- TASK INSTRUCTIONS: Exact retyping of the data: please keep every word and drop each picture.

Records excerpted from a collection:
········

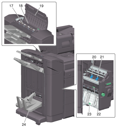 20 | 鞍式装订盒1 | 清除卡住的订书钉或更换鞍式装订器时从鞍式装订器中拉出该盒。 |
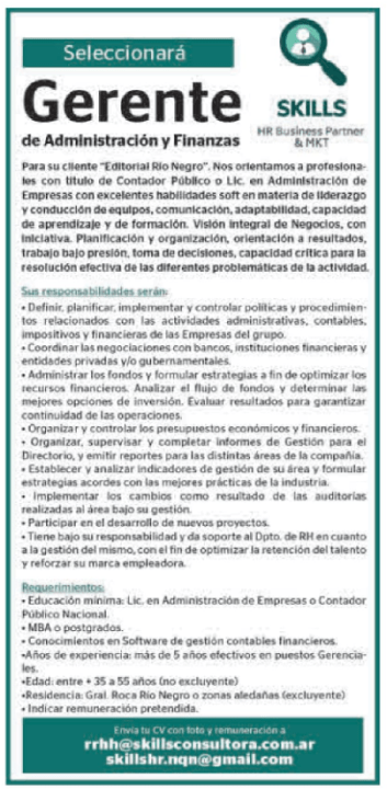 Skills para Editorial Rio Negro busca Gerente de Administración y Finanzas
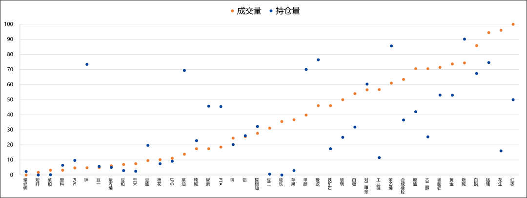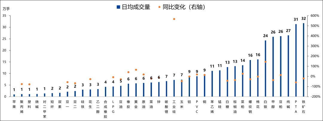 (4)日均成交量前三品种依次为PTA(32万手)、铁矿石(32万手)和纯碱(26万手),只有10个品种的日均成交量实现正增长。
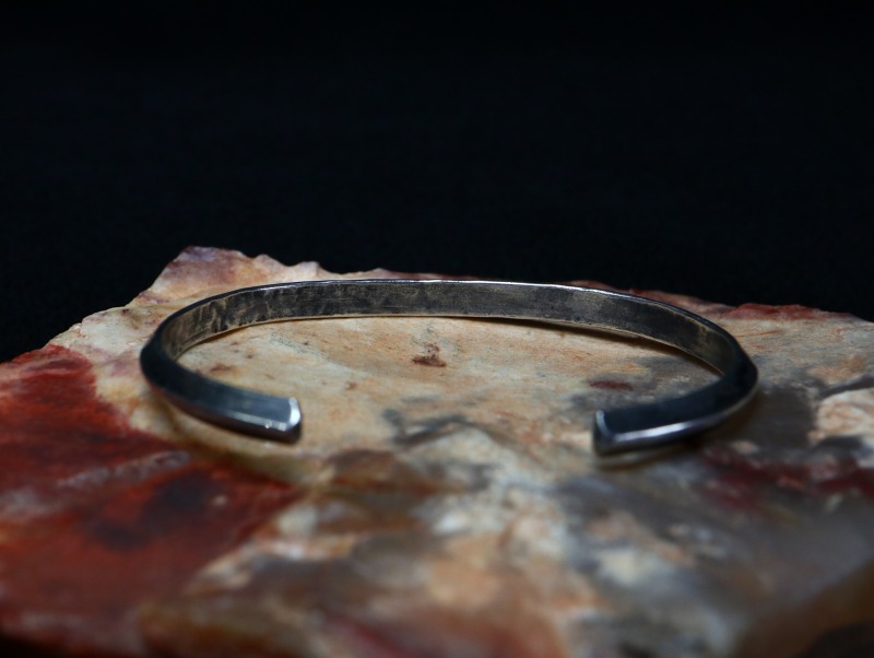 さらに、渋いシルバーの質感やターコイズの付かないシンプルな表情はさり気なく馴染みやすく、スタイリングや性別を問わずフィットする印象を持った作品です。その為、とても使いやすく長くご愛用いただける作品と思われます。
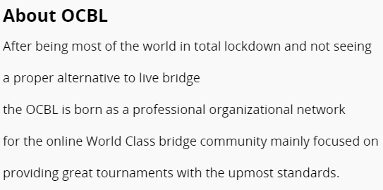 Den første OCBL for lag pågår akkurat nå. OCBL er altså en internasjonal online bridgeklubb som har til hensikt å arrangere lagturneringer med sterke, internasjonale lag på startlisten. I OCBL Cup 1 deltok 32 lag i kvalifiseringen, to av dem med norsk innslag. Ingen av de "norske" gikk videre til kvartfinale etter tolv kamper.
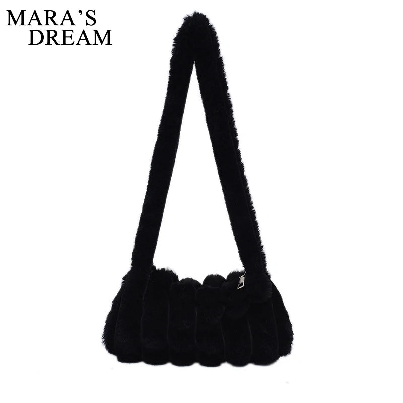 Stay cozy and stylish with Mara's Dream pleated faux fur shoulder bag. Perfect for autumn and winter, this fluffy messenger handbag is sure to make a statement.
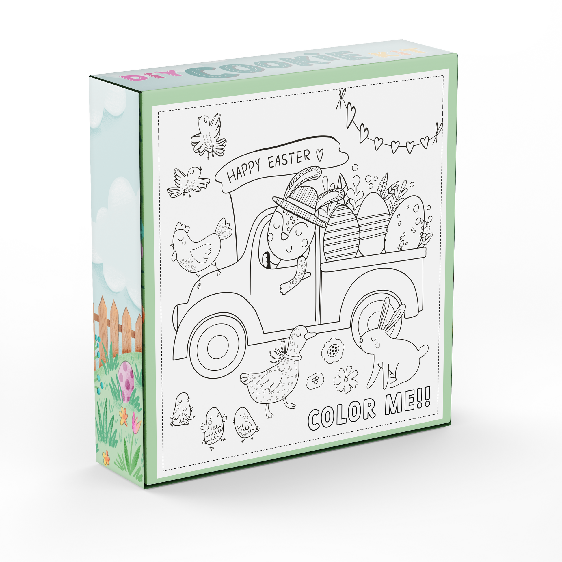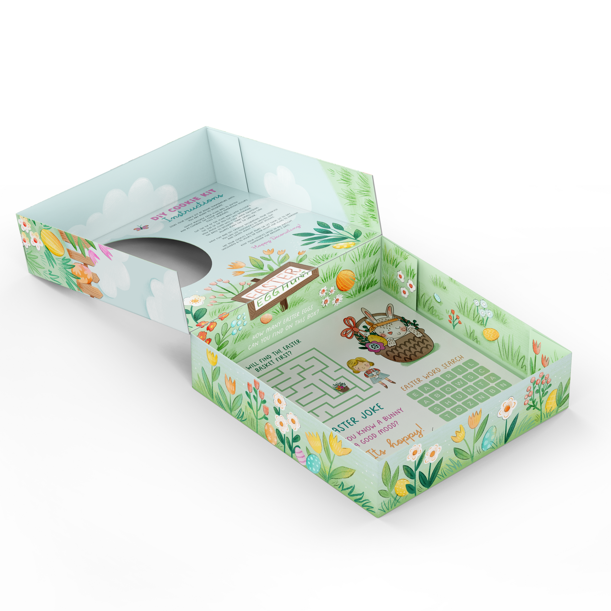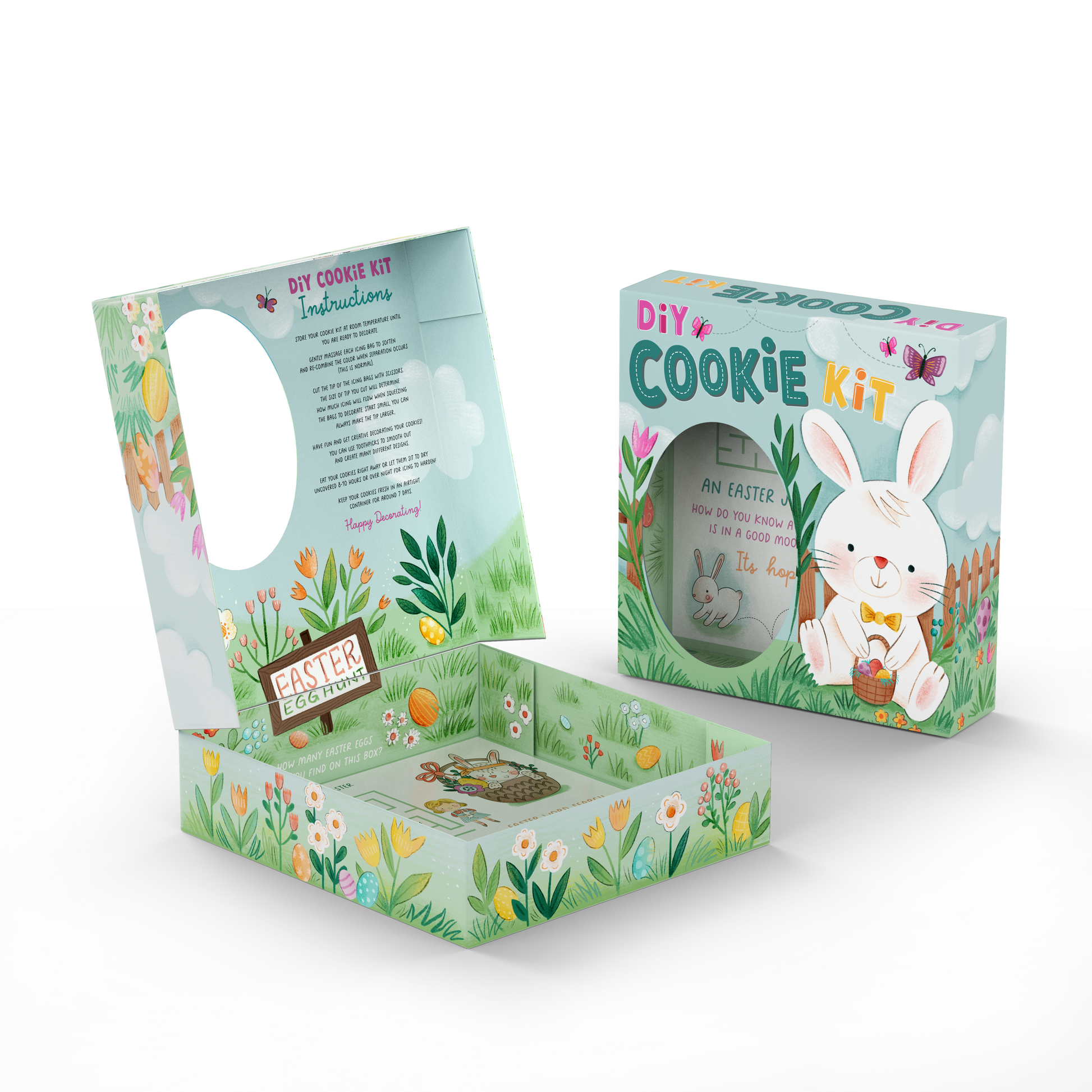 12" x 5" x 1.5" One piece Cookie Box with Window in "Bunnies & flowers " Pattern with coordinating "Hoppy Easter" message with pink interior.
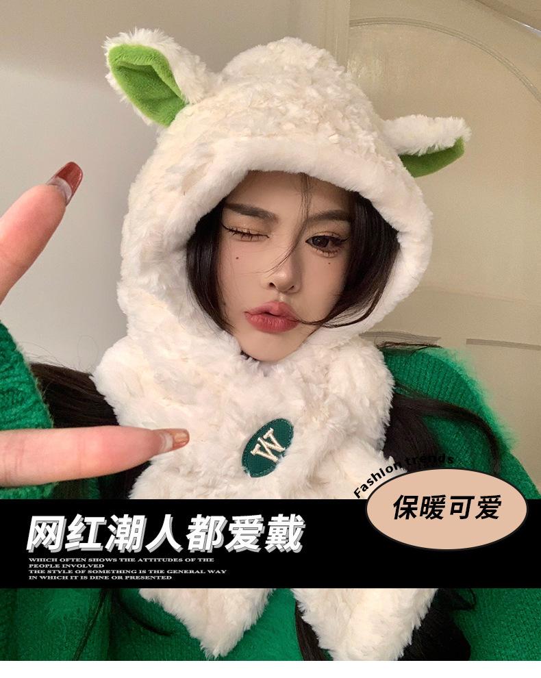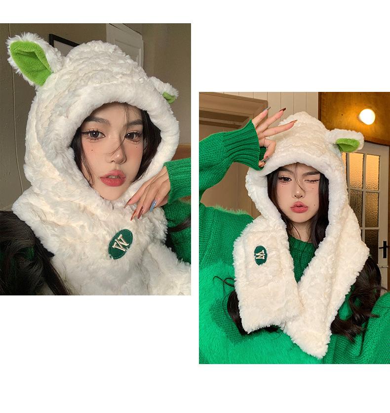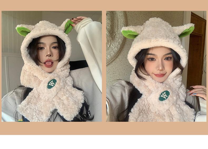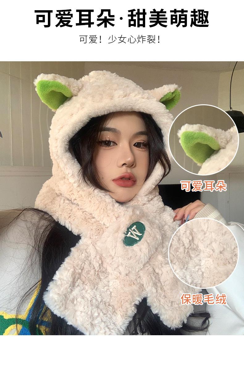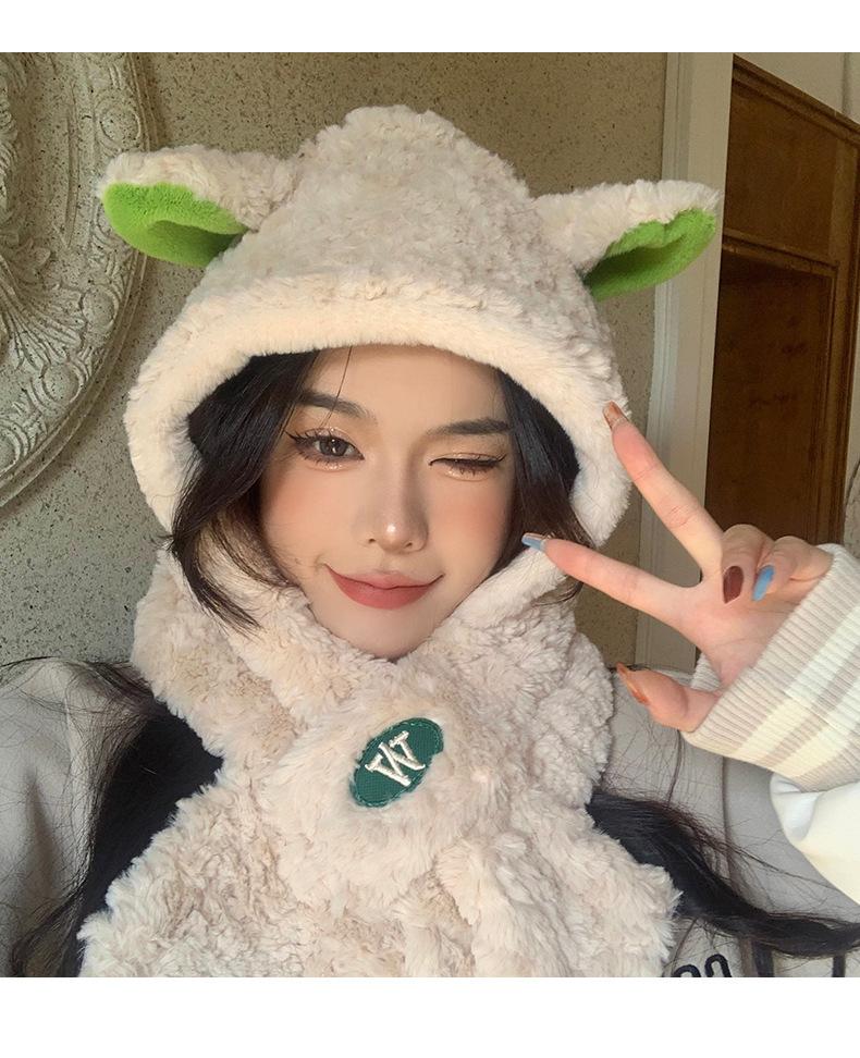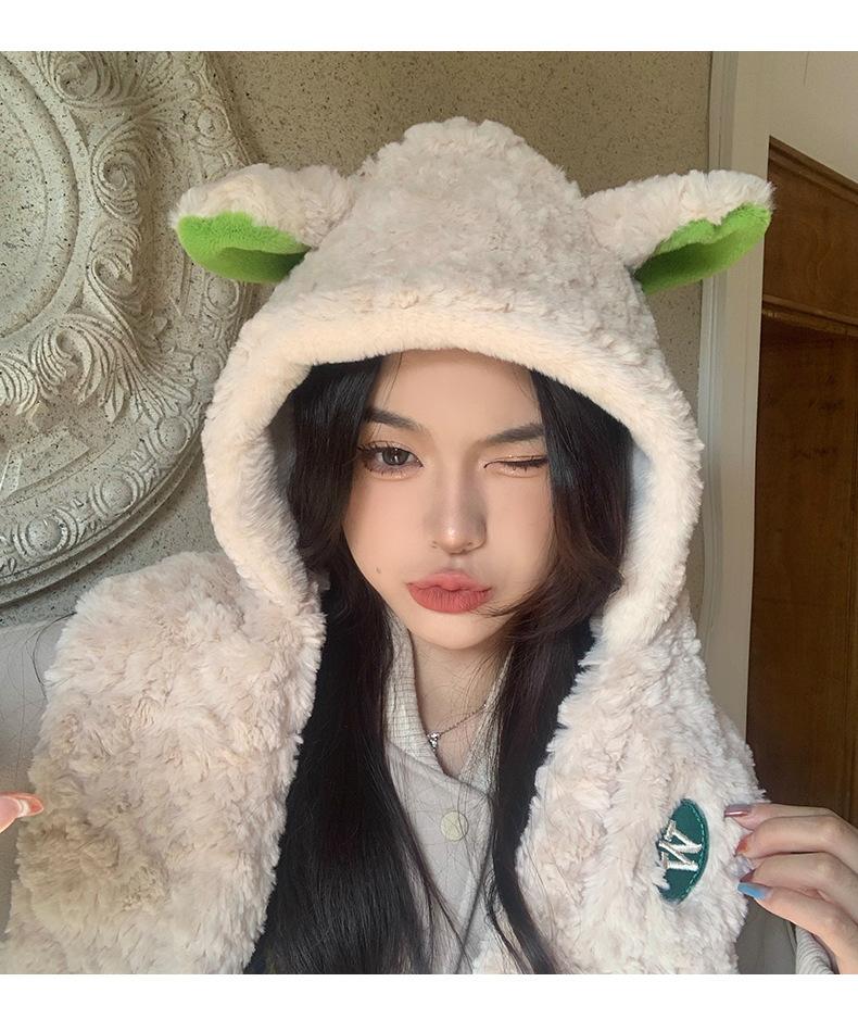 Lindo gorro y bufanda de cordero integrados para mujer, gorro peludo cálido con protección para las orejas, gorro de invierno Lei Feng para otoño e invierno.
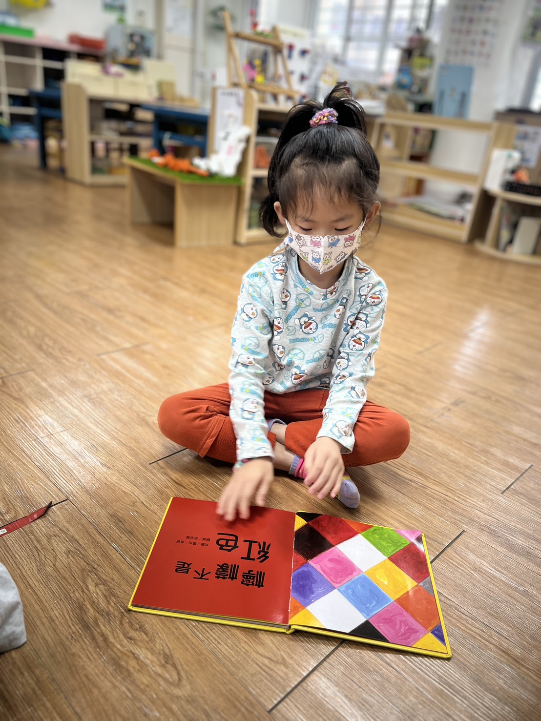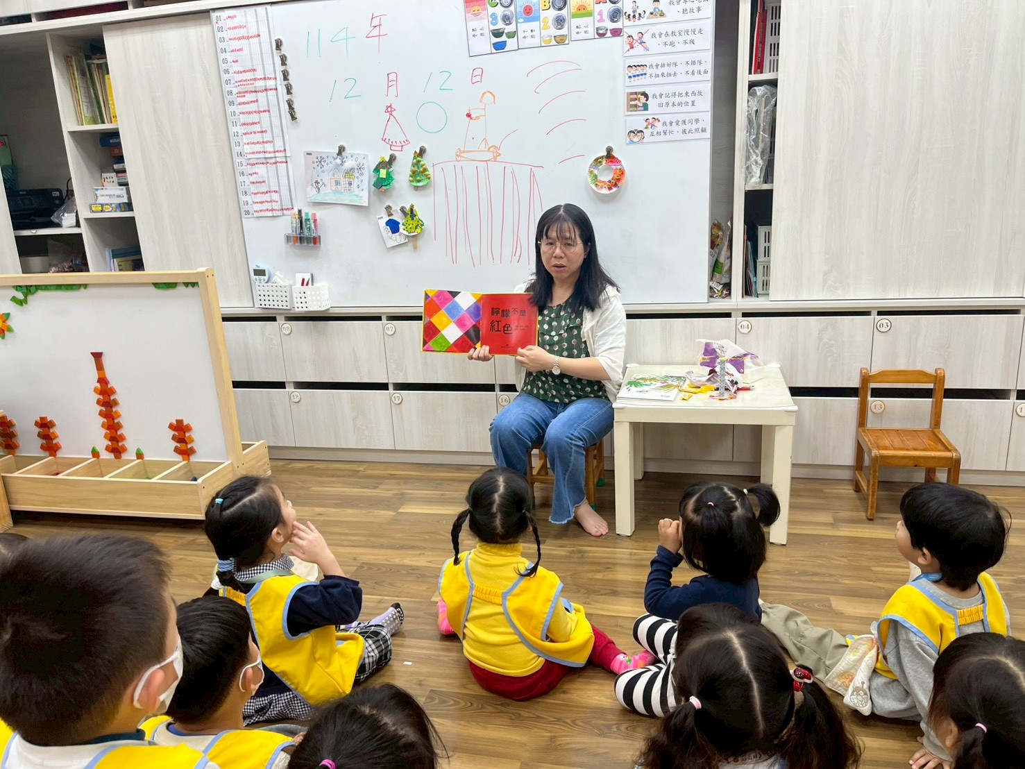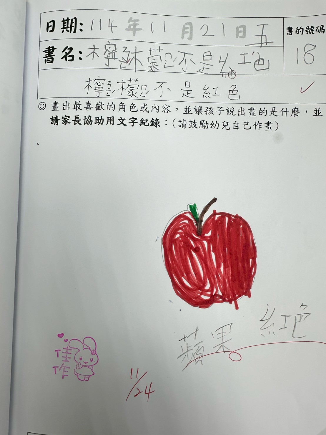 本書的設計以顏色和書頁鏤空的設計,讓孩子以是非題的概念回應書本所設計的物品,閱讀時可讓孩子依其經驗猜測與顏色相配的實物。前後蝴蝶頁的設計上都加入了紅色的元素,除了可以探討顏色所代表的相關物品,也可以思考顏色所帶來的想像,並且欣賞油畫所帶來的愉悅感受。

········

- RESPONSE:
 20 | 鞍式装订盒1 | 清除卡住的订书钉或更换鞍式装订器时从鞍式装订器中拉出该盒。 |
 Skills para Editorial Rio Negro busca Gerente de Administración y Finanzas
 (4)日均成交量前三品种依次为PTA(32万手)、铁矿石(32万手)和纯碱(26万手),只有10个品种的日均成交量实现正增长。
 さらに、渋いシルバーの質感やターコイズの付かないシンプルな表情はさり気なく馴染みやすく、スタイリングや性別を問わずフィットする印象を持った作品です。その為、とても使いやすく長くご愛用いただける作品と思われます。
 Den første OCBL for lag pågår akkurat nå. OCBL er altså en internasjonal online bridgeklubb som har til hensikt å arrangere lagturneringer med sterke, internasjonale lag på startlisten. I OCBL Cup 1 deltok 32 lag i kvalifiseringen, to av dem med norsk innslag. Ingen av de "norske" gikk videre til kvartfinale etter tolv kamper.
 Stay cozy and stylish with Mara's Dream pleated faux fur shoulder bag. Perfect for autumn and winter, this fluffy messenger handbag is sure to make a statement.
 12" x 5" x 1.5" One piece Cookie Box with Window in "Bunnies & flowers " Pattern with coordinating "Hoppy Easter" message with pink interior.
 Lindo gorro y bufanda de cordero integrados para mujer, gorro peludo cálido con protección para las orejas, gorro de invierno Lei Feng para otoño e invierno.
 本書的設計以顏色和書頁鏤空的設計,讓孩子以是非題的概念回應書本所設計的物品,閱讀時可讓孩子依其經驗猜測與顏色相配的實物。前後蝴蝶頁的設計上都加入了紅色的元素,除了可以探討顏色所代表的相關物品,也可以思考顏色所帶來的想像,並且欣賞油畫所帶來的愉悅感受。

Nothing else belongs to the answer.